W naszym serwisie wielokrotnie odkrywaliśmy mankamenty sieci Play. A to wtedy, kiedy operator siłowo nie chciał wpuścić swoich kart SIM do sieci Plus, zaś proces „przyznawania się” trwał dosyć długo, dopóki sprawa nie trafiła do publicznej dyskusji, UOKiK oraz UKE. Podobnie rzecz się miała z blokowaniem roamingu krajowego w Orange, czy siłowo wprowadzaną w życie „usługą” Notka SMS albo danymi, ściąganymi z książki telefonicznej klienta sieci do aplikacji Play24. Dziś, zatrzymujemy się nad kolejnymi sprawami i nie mamy wątpliwości, że postawa operatora może być podobna, jak w przypadkach, o których mowa wyżej. Swego czasu, ustami Rzecznika Prasowego zostały wypowiedziane chwalebne słowa pod adresem aplikacji Play24, w której „kółkowe animacje” przerosły wartość merytoryczną aplikacji. Od tej pory sama aplikacja stawała się już tylko gorsza. Po pierwsze – nie zawsze działa, jak należy, po drugie: raz działa poprawnie w jednej przeglądarce, a raz w innej. Istotne są jednak kolejne, dwa „mankamenty”:
a) rzetelność danych billingowych, w której pozycje billingowane raz są, a raz … ich nie ma. Ponadto, ta sama usługa potrafi być nazywana w kolejnych pozycjach inaczej
b) rzetelność prezentacji systemu „Zgłoszeń” i odpowiedzi na zgłoszenia. Wielokrotnie zgłoszenia po prostu giną z aplikacji i trzeba się nieźle nagimnastykować, aby pojawiły się z powrotem, ponieważ niedouczeni konsultanci infolinii z uporem twierdzą, że skoro zgłoszenia nie widać w Play24, to … ich nie ma. Cóż … podobnie, jak w przypowiastkach o wyszukiwarce Google’a przeciwników tradycyjnej literatury pisanej : „skoro czegoś nie można znaleźć w Google, to tego nie ma” !

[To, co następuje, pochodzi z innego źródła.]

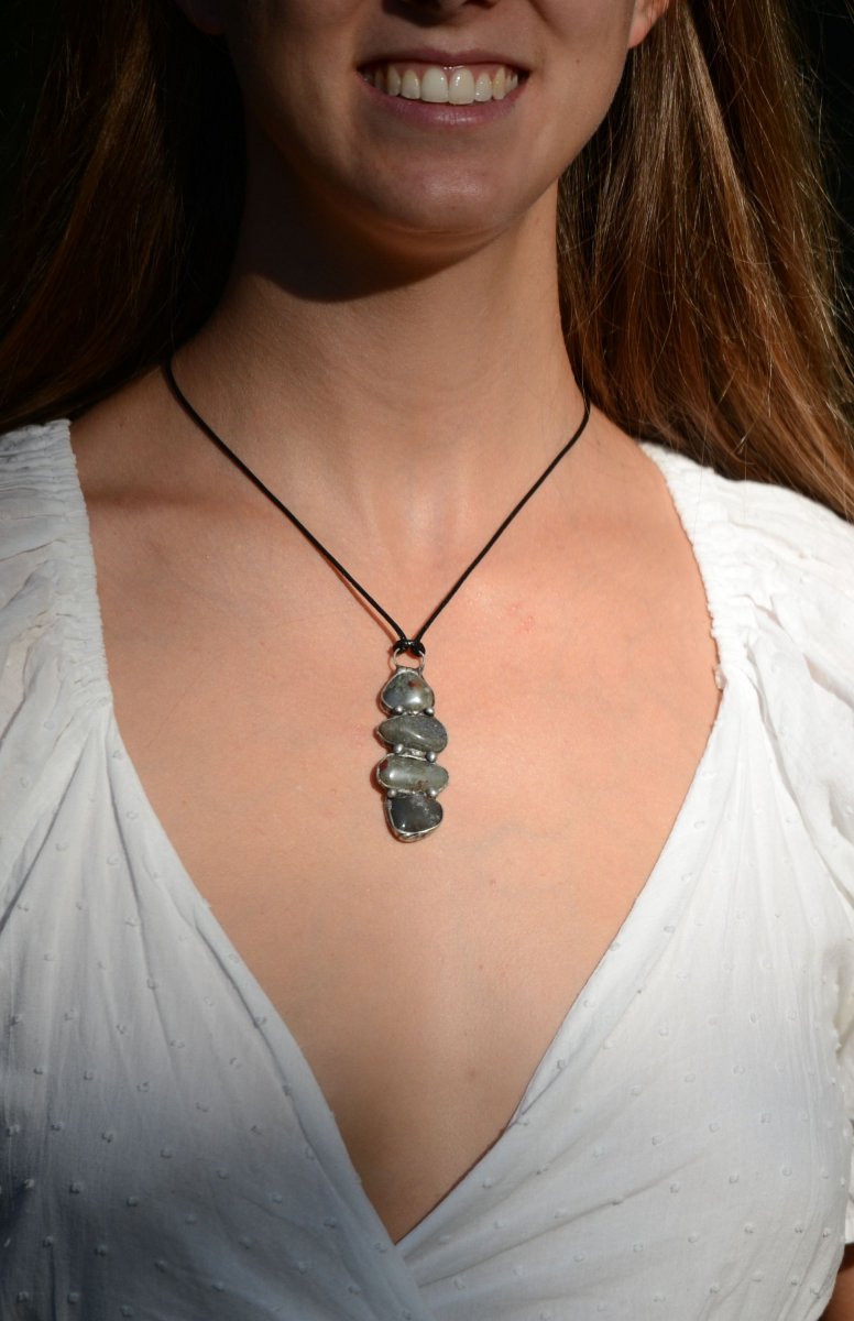 4 kameny HELIOTROPU spojené do jednoho šperku. Vyrobeno z bezolovnatého cínu. Černá patina, obroušena, takže dává šperku starostříbrný vzhled. Vše ošetřeno antioxidačním olejem a vyleštěno karnaubským voskem.

Jeśli idzie o rzetelność działania operatora, to niepokoi kolejny fakt, który jest obecnie na etapie procedowania. Otóż wielu pracowników P4 charakteryzuje się tak daleko idącą niefrasobliwością ( nieodpowiedzialnością, niedouczeniem ? ), że postronna osoba może nam wykraść numer z konta abonenckiego, a nawet … przenieść go do innego operatora. Konsultant zaś, zamiast przyjrzeć się tematowi – opowiada tak nieprawdopodobne rzeczy, jakby nie miał świadomości, jak wielka jest waga tego, co się wydarzyło ? Temat, o którym mowa jest na etapie postępowania wyjaśniającego na policji, zgłoszony operatorowi, a zgłoszenie w Play24 … przepadło !!! Czekamy więc, czy ktokolwiek zainteresuje się nim dalej, ponieważ kolejny etap, to zgłoszenie do prokuratury i odpowiedzialność prawna P4 oraz informacja do UKE oraz MC.

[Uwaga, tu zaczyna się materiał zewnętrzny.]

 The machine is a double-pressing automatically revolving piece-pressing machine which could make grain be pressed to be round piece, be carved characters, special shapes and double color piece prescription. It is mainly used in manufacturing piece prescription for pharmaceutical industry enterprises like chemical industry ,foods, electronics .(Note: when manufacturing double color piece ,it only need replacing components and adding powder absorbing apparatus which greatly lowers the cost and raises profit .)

Reasumując, działając na rynku już spory czas – nie powinno dopuszczać się tak kuriozalnych wpadek, czy rażących zaniedbań, w tym w zakresie ochrony interesów prawnych klientów. Liczymy na poprawę wizerunku Play, a jednocześnie na rozumne rozstrzygnięcie kwestii, o której mowa w ostatnim akapicie

( źródło: informacja własna )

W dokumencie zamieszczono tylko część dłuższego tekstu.